--- Data extracts ---
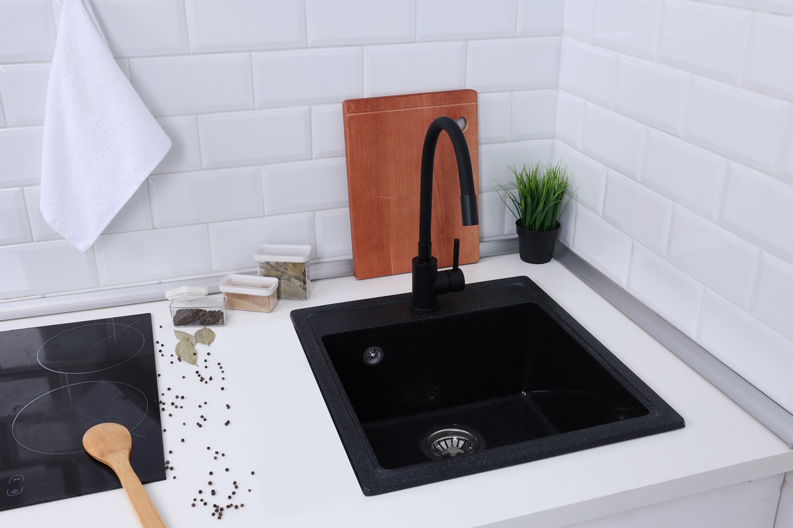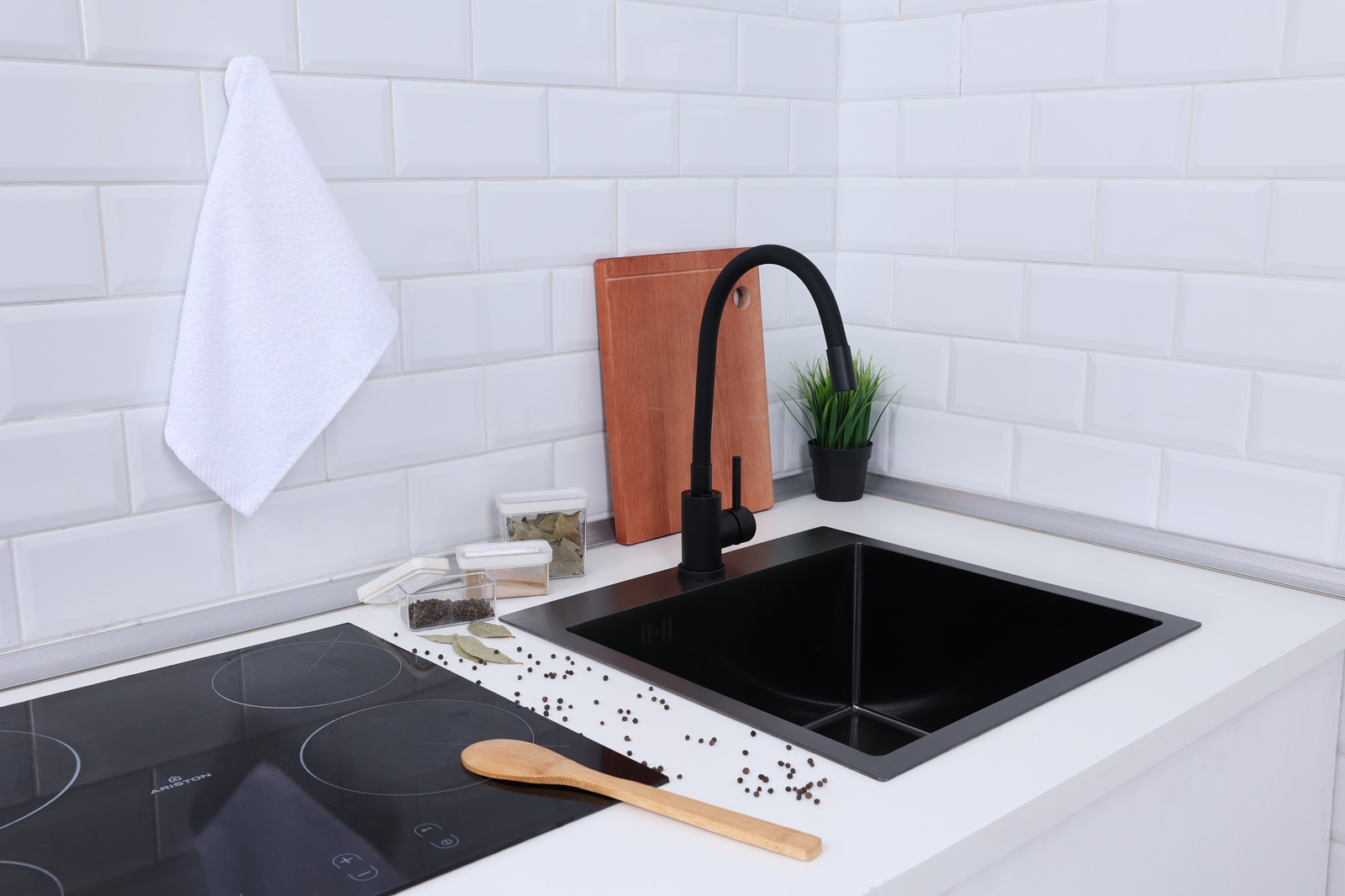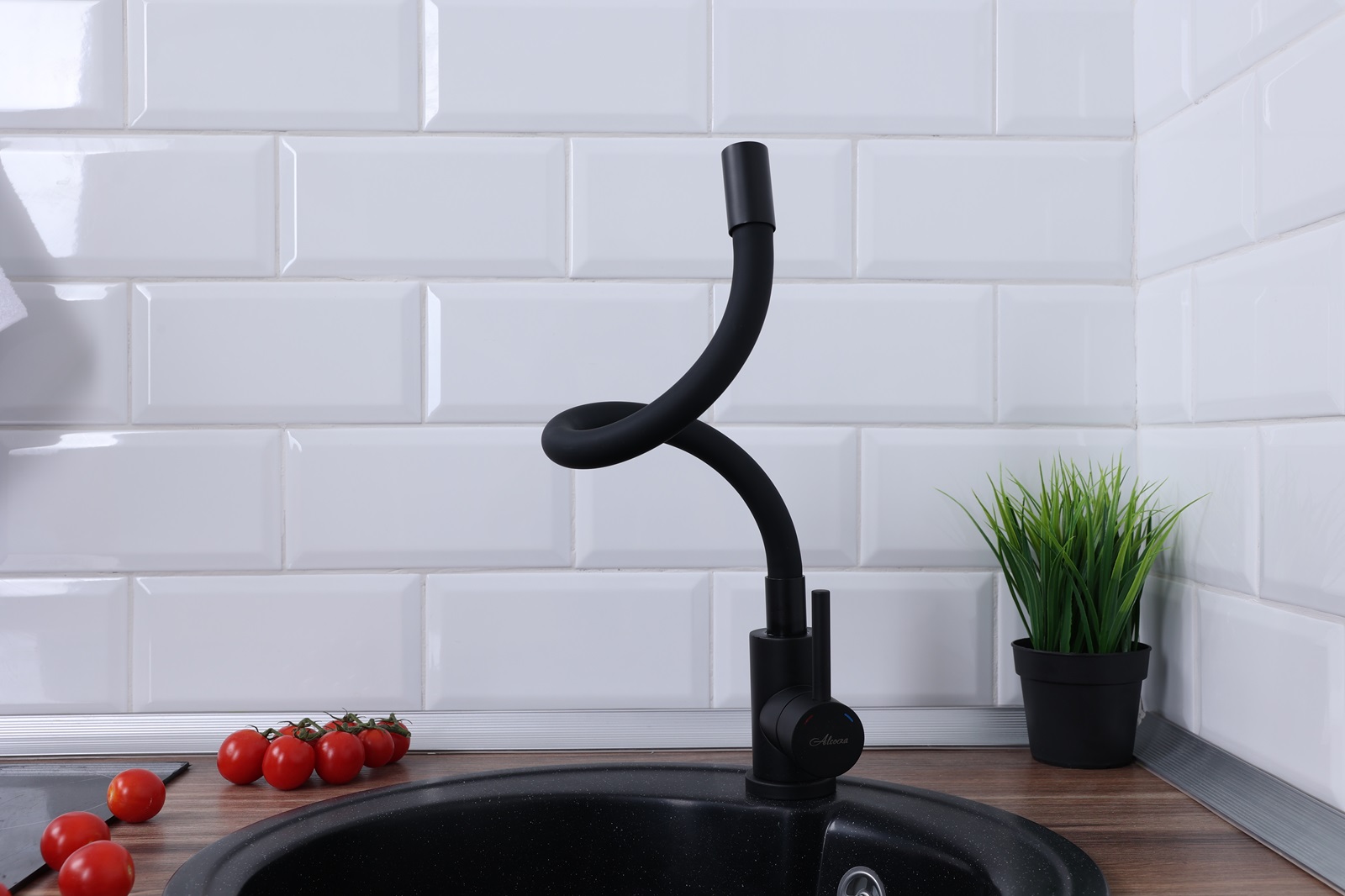 Полностью выполненный из высококачественной нержавеющей стали и покрытый матовым черным PVD-напылением, Langfoss сочетает в себе прочность, современный дизайн и безупречную эстетику. Он гармонично дополняет любую кухню — от строгого минимализма до уютного скандинавского интерьера — и идеально сочетается с мойками Alcora.
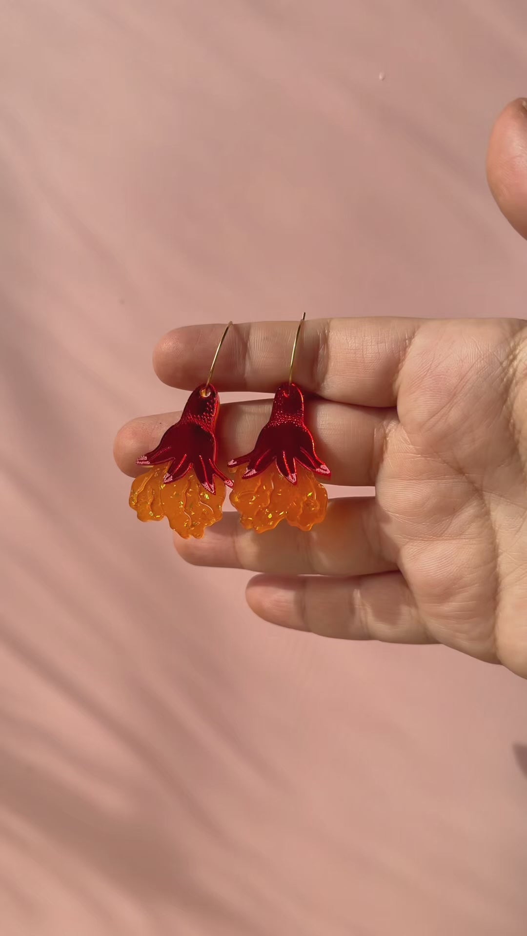Niektoré kvety nešepkajú — horia. Náušnice Kvet Granátovníka vychádzajú z dramatického kvetu granátového jablka v plnom letnom rozpuku: výrazné vrstvy sýtej červenej a žeravo oranžovej zachytávajú svetlo a nepustia ho. Laserom vyrezávaný akryl žiari drobnými trblietavými flitrami, ktoré sa pri pohybe jemne ligocú, a je zavesený na subtílnych pozlátených kruhoch, ktoré nechávajú vyniknúť to najdôležitejšie - samotný kvet.
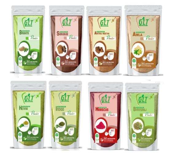 จี.แอล.ที. ผงอัมลา รีธา ชิกาไค ผงฮิบิสคัส บริงราจ บราห์มี ผงอินดิโก้ เฮนน่า สำหรับผลิตภัณฑ์ดูแลเส้นผม - ชุดคอมโบ
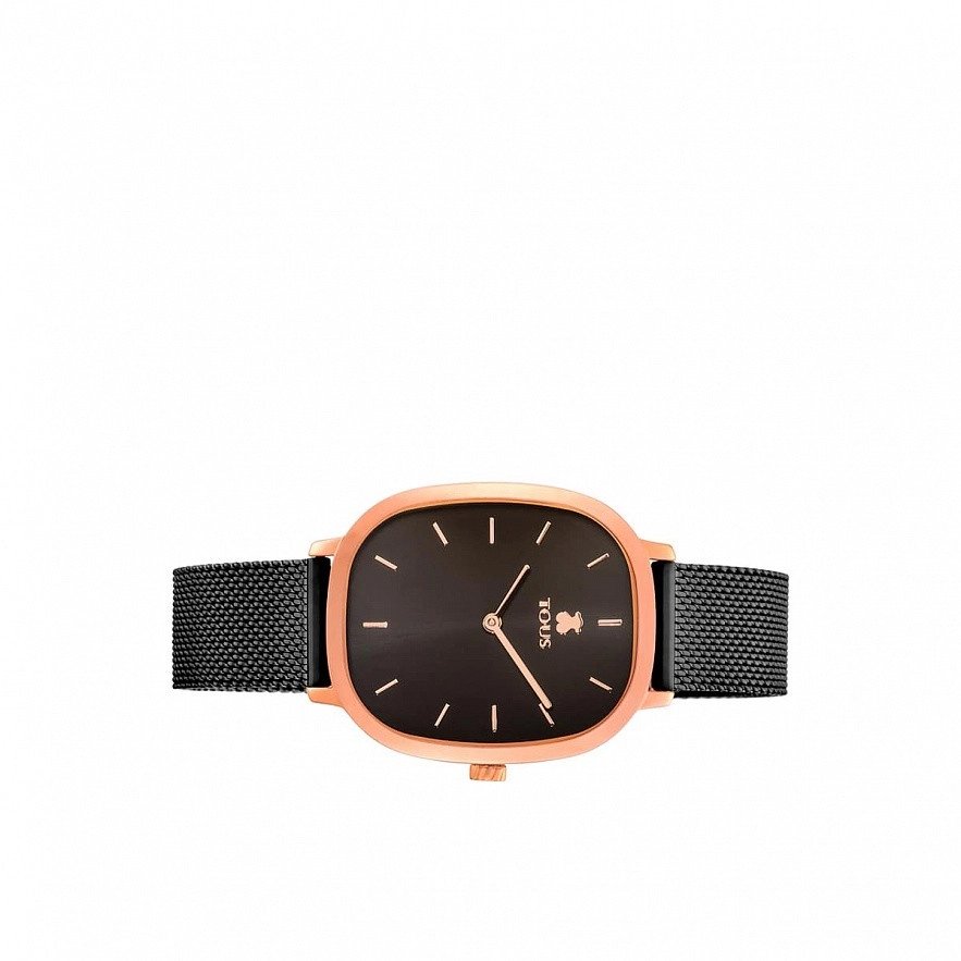 Часы TOUS HERITAGE. Ремешок и корпус из нержавеющей стали с IP-покрытием. Диаметр циферблата: 30х35мм. Водостойкость: до 3 АТМ. Индикация: часы и минуты. Аналоговый кварцевый механизм. Застежка, регулирующая длину ремешка.
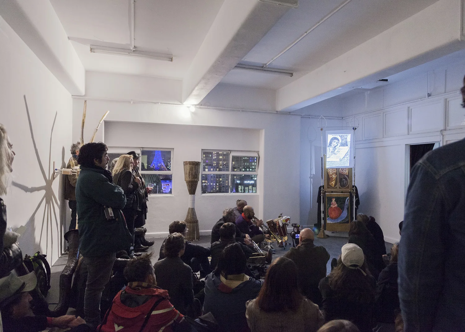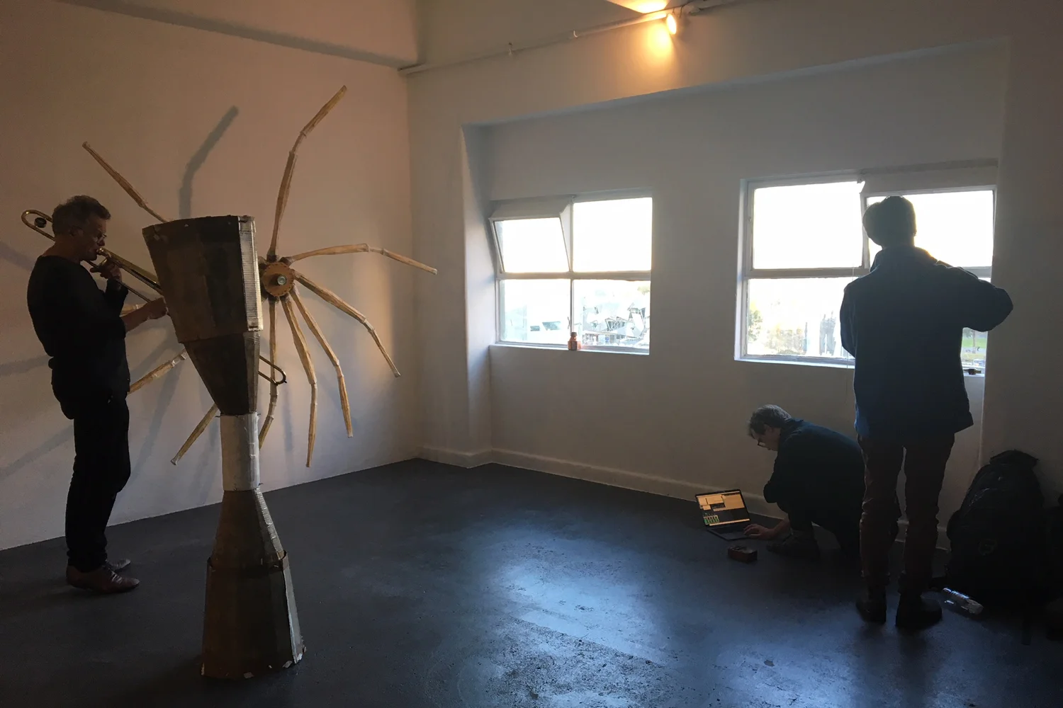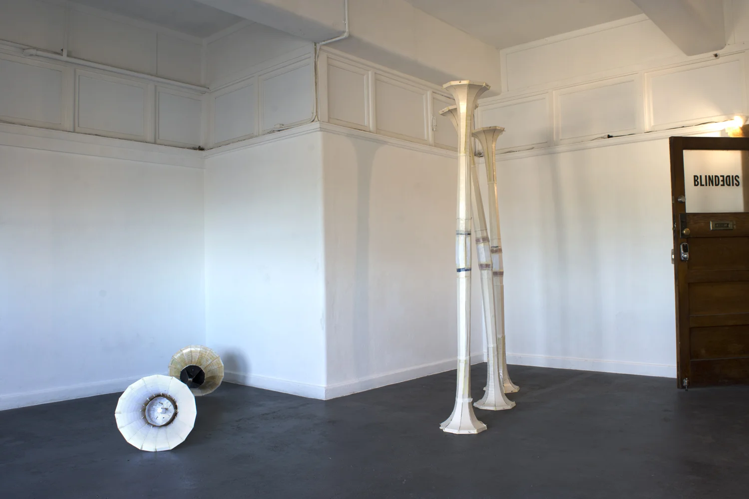 BLINDSIDE stands upon stolen, never ceded Wurundjeri land – a genocidal landscape with its own wind of shades, of ghosts, of voices lost or never heard. Crewdson's other sound sculptures – a ‘Rice Wheel’ and ‘Galileo Drum’ – generate sound through gravity-produced falling motion, thereby also acknowledging the Wurundjeri ground upon which the gallery and surrounding city, stand.
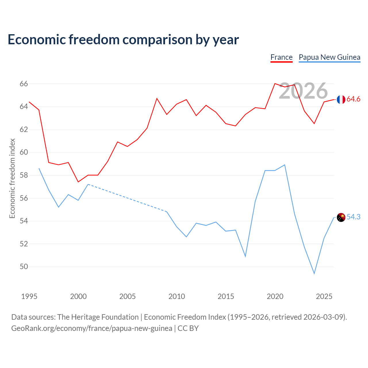The Economic Freedom Index for France is 64.6, ranking 72/197, compared to 54.3 for Papua New Guinea, ranking 134/197. The chart above displays a comparison of annual changes in economic freedom indexes.
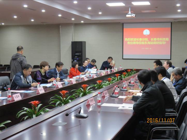 2016年11月7日下午,中科院长春分院李冰党组副书记、长春市科技局孙国庆局长、高新处李青山处长及企业家代表一行13人在中科院上海分院科技处负责同志的陪同下来到yx06永兴彩票集团东海站开展成果转移转化专题调研工作。yx06永兴彩票集团东海站胡长青站长、工业超声研究室周红生主任、非线性声学研究室王润田主任及相关科技骨干代表参加了调研会。
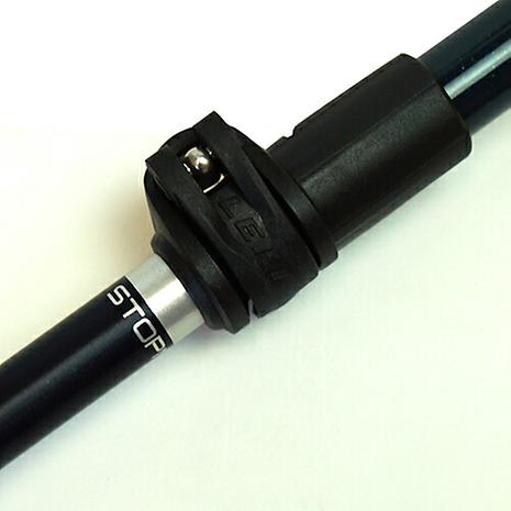・ロックの圧力調整について。ロックパーツのギア状のリングを回すことで、ロック圧を調整できます。圧を軽くし過ぎると地面についたポールが短くなって事故の元となることがございます。ご注意ください。
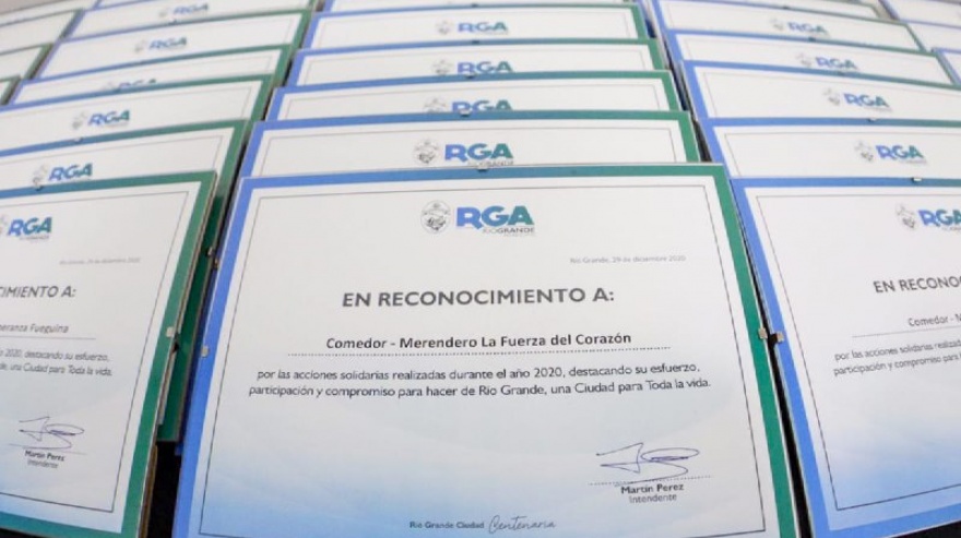 Junto a la secretaria de Desarrollo Social, Silvana Angelinetta, de la Mujer, Género y Diversidad, Alejandra Arce, y el secretario de Gestión Ciudadana, Gonzalo Ferro, el intendente Martín Perez encabezó la entrega de reconocimientos a 53 representantes de comedores y merenderos comunitarios de Río Grande por el trabajo llevado a cabo durante todo el 2020.

--- What is needed ---
Return only the lines that start at the line containing "Niektoré kvety nešepkajú" and finish at the last line of the entries, exactly as written and without pictures.

--- Expected answer ---
Niektoré kvety nešepkajú — horia. Náušnice Kvet Granátovníka vychádzajú z dramatického kvetu granátového jablka v plnom letnom rozpuku: výrazné vrstvy sýtej červenej a žeravo oranžovej zachytávajú svetlo a nepustia ho. Laserom vyrezávaný akryl žiari drobnými trblietavými flitrami, ktoré sa pri pohybe jemne ligocú, a je zavesený na subtílnych pozlátených kruhoch, ktoré nechávajú vyniknúť to najdôležitejšie - samotný kvet.
 จี.แอล.ที. ผงอัมลา รีธา ชิกาไค ผงฮิบิสคัส บริงราจ บราห์มี ผงอินดิโก้ เฮนน่า สำหรับผลิตภัณฑ์ดูแลเส้นผม - ชุดคอมโบ
 Часы TOUS HERITAGE. Ремешок и корпус из нержавеющей стали с IP-покрытием. Диаметр циферблата: 30х35мм. Водостойкость: до 3 АТМ. Индикация: часы и минуты. Аналоговый кварцевый механизм. Застежка, регулирующая длину ремешка.
 BLINDSIDE stands upon stolen, never ceded Wurundjeri land – a genocidal landscape with its own wind of shades, of ghosts, of voices lost or never heard. Crewdson's other sound sculptures – a ‘Rice Wheel’ and ‘Galileo Drum’ – generate sound through gravity-produced falling motion, thereby also acknowledging the Wurundjeri ground upon which the gallery and surrounding city, stand.
The Economic Freedom Index for France is 64.6, ranking 72/197, compared to 54.3 for Papua New Guinea, ranking 134/197. The chart above displays a comparison of annual changes in economic freedom indexes.
 2016年11月7日下午,中科院长春分院李冰党组副书记、长春市科技局孙国庆局长、高新处李青山处长及企业家代表一行13人在中科院上海分院科技处负责同志的陪同下来到yx06永兴彩票集团东海站开展成果转移转化专题调研工作。yx06永兴彩票集团东海站胡长青站长、工业超声研究室周红生主任、非线性声学研究室王润田主任及相关科技骨干代表参加了调研会。
・ロックの圧力調整について。ロックパーツのギア状のリングを回すことで、ロック圧を調整できます。圧を軽くし過ぎると地面についたポールが短くなって事故の元となることがございます。ご注意ください。
 Junto a la secretaria de Desarrollo Social, Silvana Angelinetta, de la Mujer, Género y Diversidad, Alejandra Arce, y el secretario de Gestión Ciudadana, Gonzalo Ferro, el intendente Martín Perez encabezó la entrega de reconocimientos a 53 representantes de comedores y merenderos comunitarios de Río Grande por el trabajo llevado a cabo durante todo el 2020.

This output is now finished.